• _Exercise instructions_
All that is wanted is the lines from the first line of the listing below through the line containing "over centuries. Each", written out exactly with pictures left out.

• _Supplied material_
++++++++++++++++++++

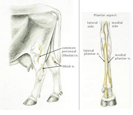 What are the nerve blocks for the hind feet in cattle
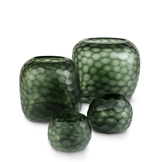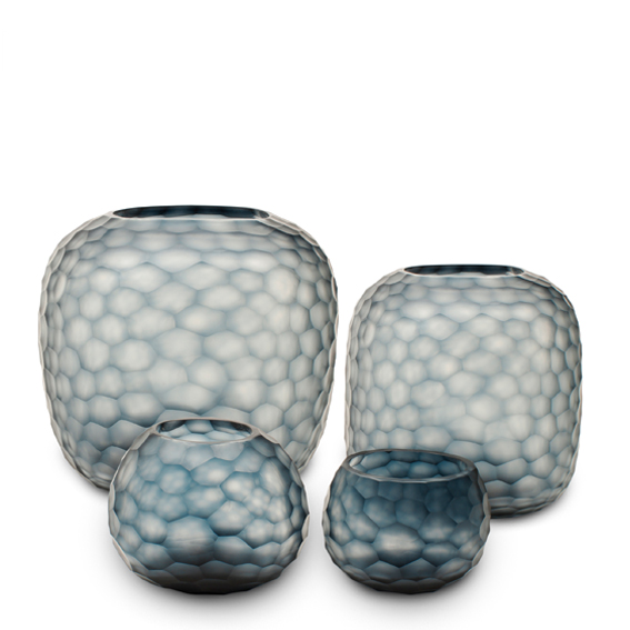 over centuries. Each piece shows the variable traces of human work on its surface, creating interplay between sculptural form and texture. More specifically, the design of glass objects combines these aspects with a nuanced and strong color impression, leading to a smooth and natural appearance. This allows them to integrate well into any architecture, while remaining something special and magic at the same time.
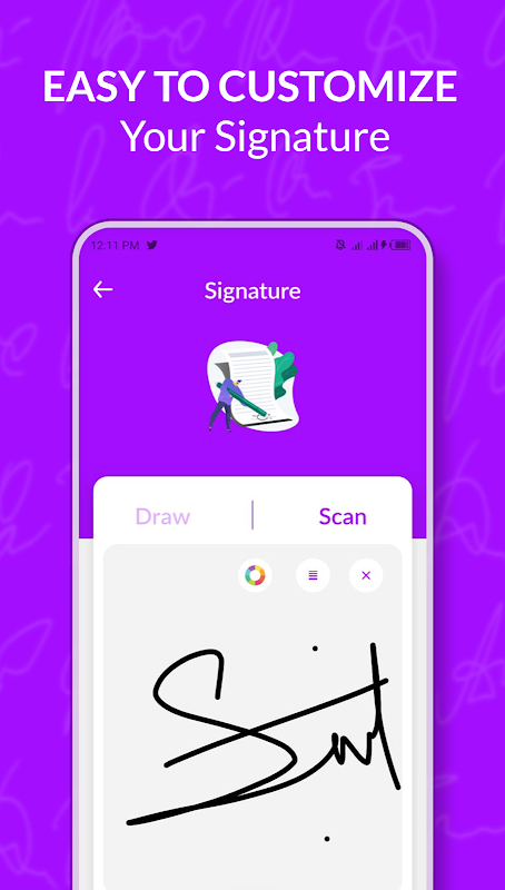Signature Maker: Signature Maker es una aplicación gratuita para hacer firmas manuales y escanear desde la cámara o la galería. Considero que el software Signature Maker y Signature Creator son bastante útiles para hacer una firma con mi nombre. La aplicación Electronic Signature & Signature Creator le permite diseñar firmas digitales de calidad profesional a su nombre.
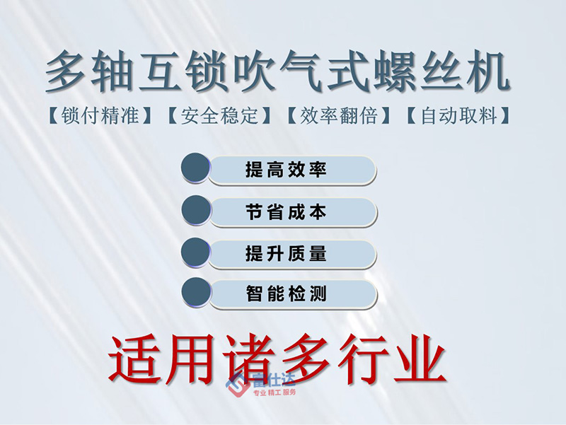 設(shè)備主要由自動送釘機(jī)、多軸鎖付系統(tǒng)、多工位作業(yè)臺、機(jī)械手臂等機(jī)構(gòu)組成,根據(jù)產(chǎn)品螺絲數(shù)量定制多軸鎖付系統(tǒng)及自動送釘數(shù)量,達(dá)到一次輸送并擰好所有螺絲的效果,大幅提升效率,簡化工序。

++++++++++++++++++++

• _Response below_
 What are the nerve blocks for the hind feet in cattle
 over centuries. Each piece shows the variable traces of human work on its surface, creating interplay between sculptural form and texture. More specifically, the design of glass objects combines these aspects with a nuanced and strong color impression, leading to a smooth and natural appearance. This allows them to integrate well into any architecture, while remaining something special and magic at the same time.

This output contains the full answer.